Bipartisan bills in Congress aim to solve the problem.
The Treat and Reduce Obesity Act (TROA) was introduced by Sens. Tom Carper (D-Del.) and Bill Cassidy (R-La.), Reps. Ron Kind (D-Wis.), Raul Ruiz (D-Calif.), Brad Wenstrup (R-Ohio) and former Rep. Tom Reed (R-N.Y.). It would expand Medicare coverage to include FDA-approved prescription drugs for chronic weight management and intensive behavioral counseling provided by registered dietitians and other specialists.
Another bipartisan bill, the Medical Nutrition Therapy Act, was introduced by Sens. Susan Collins (R-Maine) and Gary Peters (D-Mich.) and Reps. Robin Kelly (D-Ill.) and Fred Upton (R-Ill.). This bill would expand Medicare coverage for Medical Nutrition Therapy (MNT) to include obesity and other diet-related diseases and allow a range of professionals to refer for the service.
Beyond access to medications and nutritional counseling, bipartisan political leadership is needed to advance policies that improve nutrition security for all. In the United States, childhood obesity is more common than childhood hunger, even in low-income households.

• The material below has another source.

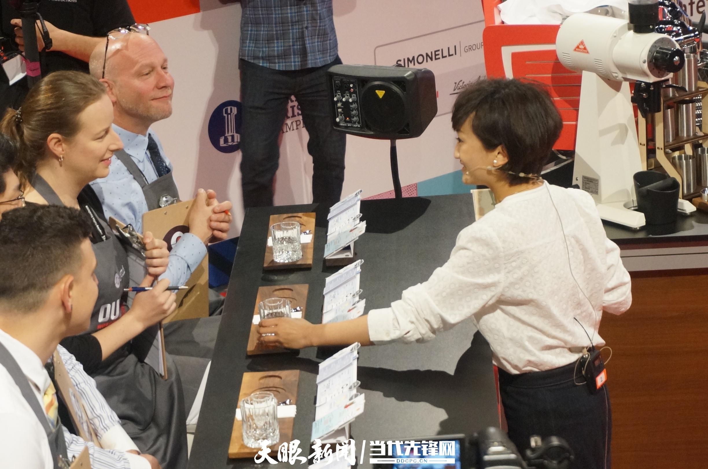 6月19日,贵阳市南明区中山西路对的咖啡门店,吧台后的咖啡师屏息等待,如同学生面对严师,这是对的咖啡门店咖啡师考核现场。

The Child Nutrition Reauthorization — which includes the National School Lunch Program and Special Supplemental Nutrition Program for Women, Infants and Children, among other programs — should be passed with an eye to battling childhood obesity by improving food and nutrition security. In addition, the reauthorization of the Farm Bill by the upcoming 118th Congress will provide an opportunity to elevate diet quality as part of SNAP (Supplemental Nutrition Assistance Program), known as the “food stamp” program.
Medicare and private insurers pay for treatments for diabetes, heart disease and high blood pressure. If saving lives is the objective, then logic, clinical evidence, and compassion dictate that they should also pay for preventing and treating obesity, starting now.
Anand Parekh is a board-certified internal medicine physician, chief medical advisor at the Bipartisan Policy Center, and former deputy assistant secretary of Health at the U.S. Department of Health and Human Services. Dana Goldman is dean of the Price School of Public Policy, and co-director of the Schaeffer Center for Health Policy & Economics, at the University of Southern California.